In particular, AFL calls out Alexandria’s Police Department’s development of a “Racial Equity Plan,” which the complaint claims has instructions for the police department “to make efforts in creating a diverse workforce” with the goal of “improv[ing] the demographic representation” through recruitment. A similar “strategic plan” from the city’s fire department reportedly pushes similar hiring preferences on its department as well, AFL alleges.
Arlington, meanwhile, is accused of establishing an “Affirmative Action Plan,” which AFL says includes “underutilization goals” based on race for specific job groups. These goals include increasing minority representation in the “Senior Administrators” job group from 35.23% to 45%, and minority representation in “Police Officers” from 27.38% to 38%, according to AFL’s complaint.
To prove the real-life consequences of these cities’ policies, AFL’s complaint against Arlington pointed to an incident at a local public school from last year.
“In September 2024, a male sex offender was permitted to use the girls’ locker room at Washington Liberty High School in Arlington County for months because he claimed to be transgender—a direct result of the County’s policy allowing individuals to use facilities based on their claimed ‘gender identity.’ The individual ultimately exposed his genitals to a 9-year-old girl,” AFL’s complaint to the Department of Justice chronicles. “This incident demonstrates how Arlington County’s race- and sex-conscious policies not only violate federal civil rights law but also compromise student safety.”

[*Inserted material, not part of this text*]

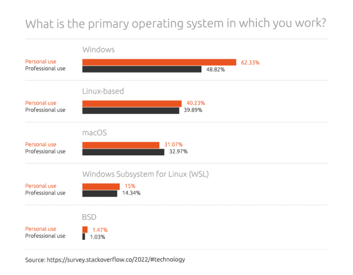 In the developer OS space, macOS and Ubuntu have a roughly equivalent market share. According to the HackerEarth developer survey 2021, 23.7% of developers preferred Ubuntu whilst 24.4% favoured macOS. The StackOverflow developer survey 2022 – which offered a multiple choice response- provided a similar insight, with 54% of professional developers using Linux as their primary development environment (either natively or via Windows Subsystem for Linux) and 33% using macOS.
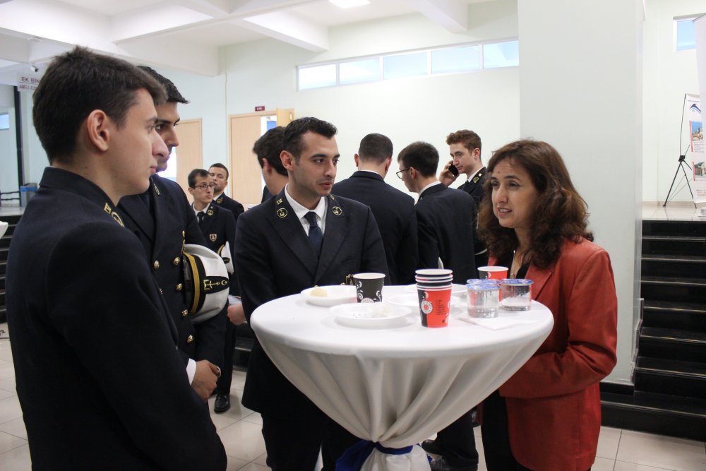 AYBAY Ailesi temsilcilerinin konuşmaları sonrasında, ev sahibi Dekan Prof.Dr. Metin Berber tarafından konuşmacı ve katılımcılara teşekkür edilerek plaket takdimi gerçekleştirilirken, Deniz Ulaştırma İşletme Mühendisliği Bölümü öğrenci temsilcileri Berke Kurnaz ve Yiğit Aksu çiçek takdiminde bulundu.

Last month, AFL reached a settlement with the City of Philadelphia that began in 2019 over alleged race- and sex-based quotas and “discriminatory” union-membership requirements in public contracting. Under the settlement, the City of Philadelphia agreed to rewrite its “Project Labor Agreements,” which AFL said penalized city contractors that refused to abide by its DEI mandates. Under the settlement, the city was compelled to make previous workforce diversity goals “strictly aspirational” and end “quotas or mandatory minimums.”